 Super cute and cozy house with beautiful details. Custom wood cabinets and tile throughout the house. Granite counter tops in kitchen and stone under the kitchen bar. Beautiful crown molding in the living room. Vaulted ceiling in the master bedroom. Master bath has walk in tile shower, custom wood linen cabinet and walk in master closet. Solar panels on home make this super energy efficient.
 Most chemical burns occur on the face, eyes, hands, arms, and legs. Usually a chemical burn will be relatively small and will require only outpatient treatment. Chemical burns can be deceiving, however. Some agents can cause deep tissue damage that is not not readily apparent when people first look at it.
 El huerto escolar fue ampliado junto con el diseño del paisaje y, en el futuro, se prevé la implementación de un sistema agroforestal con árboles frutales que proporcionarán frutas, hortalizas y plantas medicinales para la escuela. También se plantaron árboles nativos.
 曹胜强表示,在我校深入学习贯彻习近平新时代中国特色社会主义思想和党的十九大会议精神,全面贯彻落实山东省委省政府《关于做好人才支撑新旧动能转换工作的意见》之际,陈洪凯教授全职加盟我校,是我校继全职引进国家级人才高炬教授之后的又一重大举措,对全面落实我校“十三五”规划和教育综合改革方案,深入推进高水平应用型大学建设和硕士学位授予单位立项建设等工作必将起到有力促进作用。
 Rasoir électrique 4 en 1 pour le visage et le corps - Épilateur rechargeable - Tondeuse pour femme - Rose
════
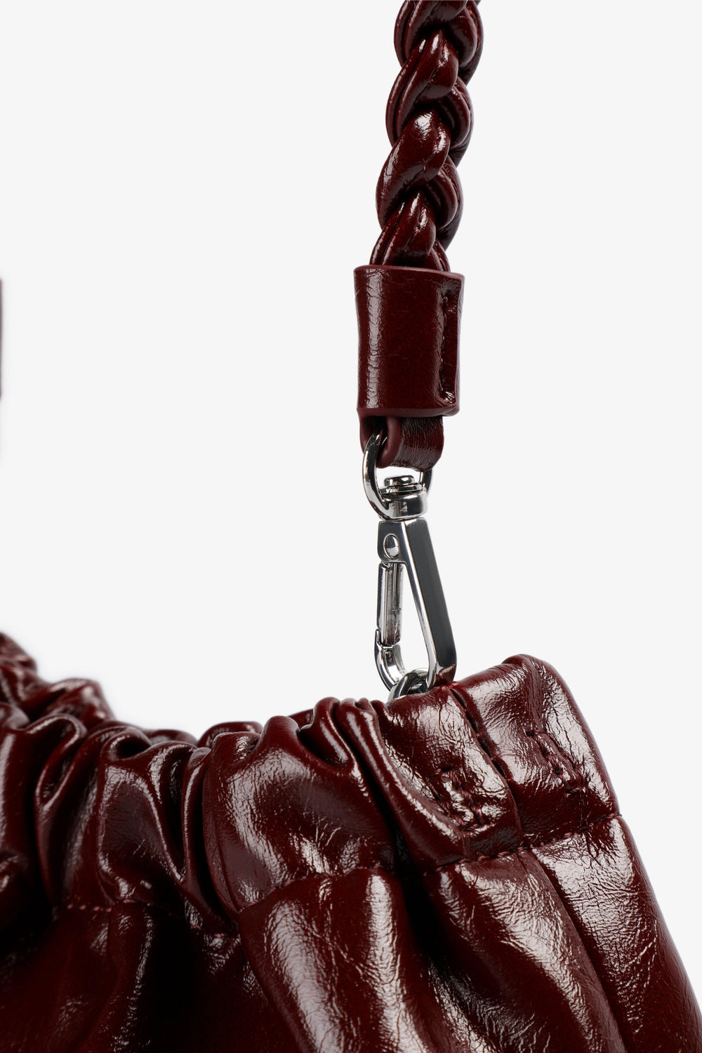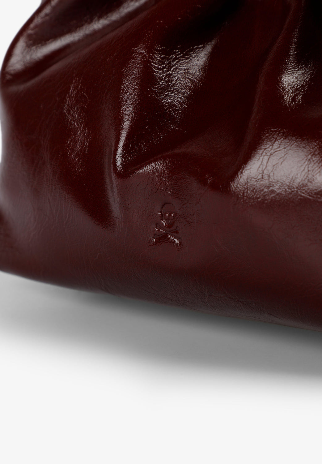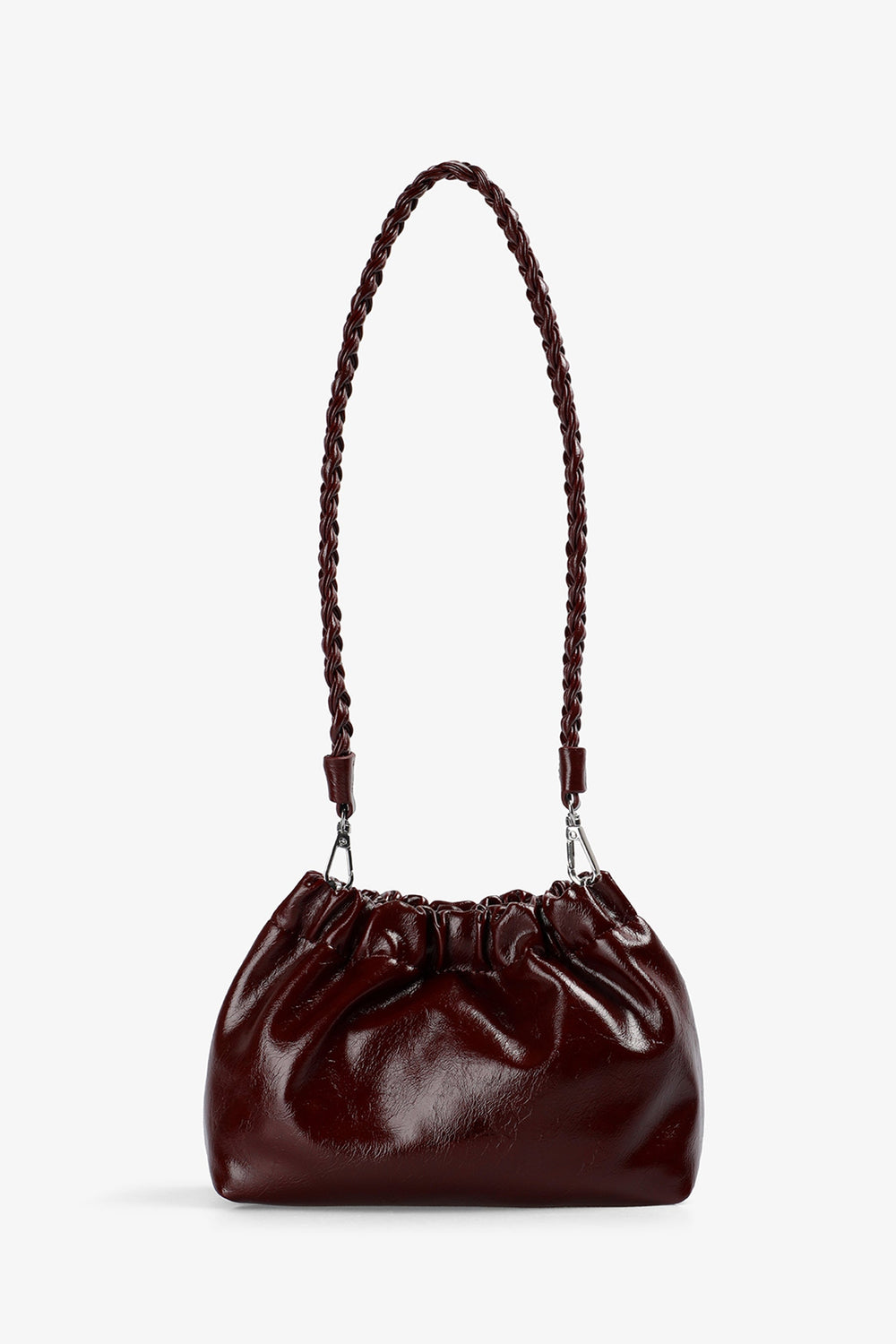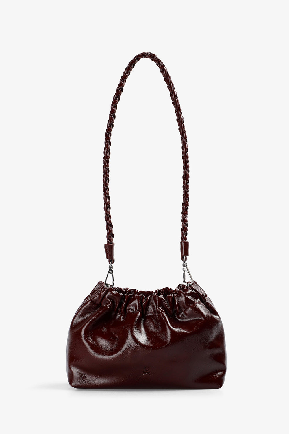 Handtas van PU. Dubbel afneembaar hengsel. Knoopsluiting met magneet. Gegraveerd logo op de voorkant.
════
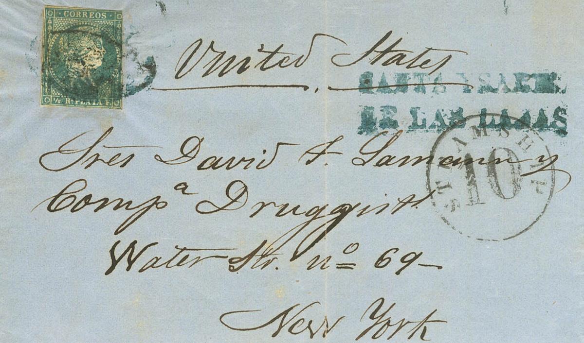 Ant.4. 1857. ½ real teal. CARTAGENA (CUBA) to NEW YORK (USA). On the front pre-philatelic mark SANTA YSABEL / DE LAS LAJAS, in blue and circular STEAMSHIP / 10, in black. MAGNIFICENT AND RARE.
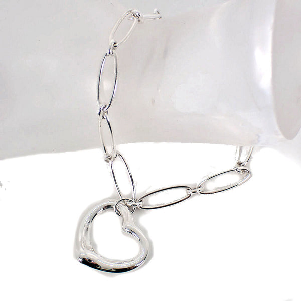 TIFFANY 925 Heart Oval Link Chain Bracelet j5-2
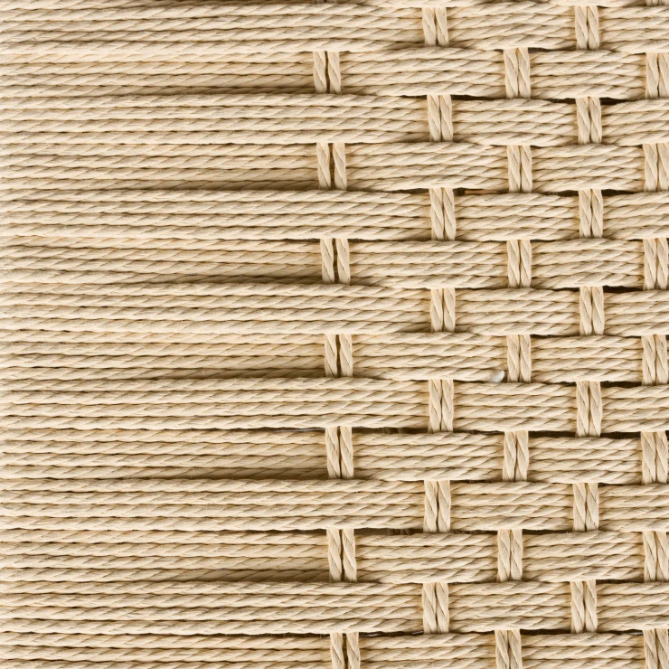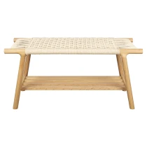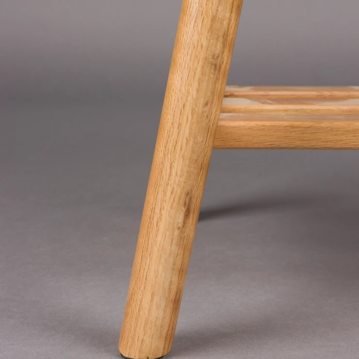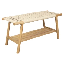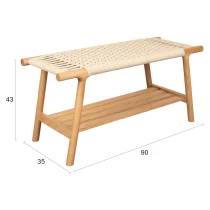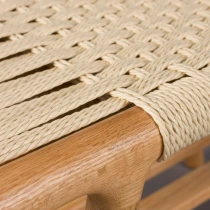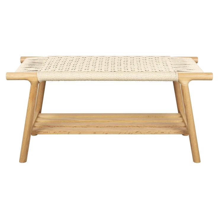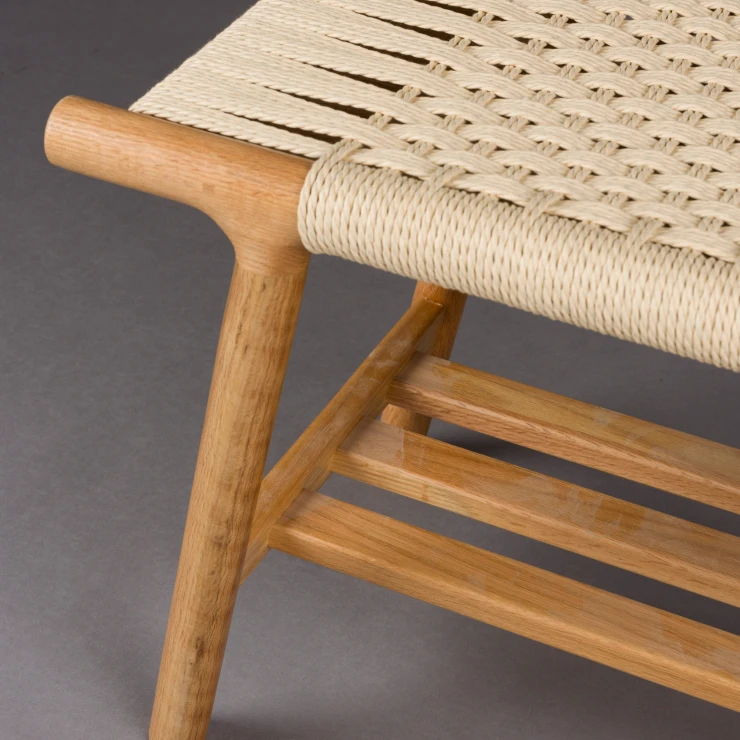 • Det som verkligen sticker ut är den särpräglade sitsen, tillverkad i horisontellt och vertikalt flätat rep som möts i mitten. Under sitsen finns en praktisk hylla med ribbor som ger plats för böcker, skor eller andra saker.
════
» Task to complete
Of the lines above, output exactly those from the line bearing "Super cute and" through the line bearing "El huerto escolar", inclusive.

» Written response
 Super cute and cozy house with beautiful details. Custom wood cabinets and tile throughout the house. Granite counter tops in kitchen and stone under the kitchen bar. Beautiful crown molding in the living room. Vaulted ceiling in the master bedroom. Master bath has walk in tile shower, custom wood linen cabinet and walk in master closet. Solar panels on home make this super energy efficient.
 Most chemical burns occur on the face, eyes, hands, arms, and legs. Usually a chemical burn will be relatively small and will require only outpatient treatment. Chemical burns can be deceiving, however. Some agents can cause deep tissue damage that is not not readily apparent when people first look at it.
 El huerto escolar fue ampliado junto con el diseño del paisaje y, en el futuro, se prevé la implementación de un sistema agroforestal con árboles frutales que proporcionarán frutas, hortalizas y plantas medicinales para la escuela. También se plantaron árboles nativos.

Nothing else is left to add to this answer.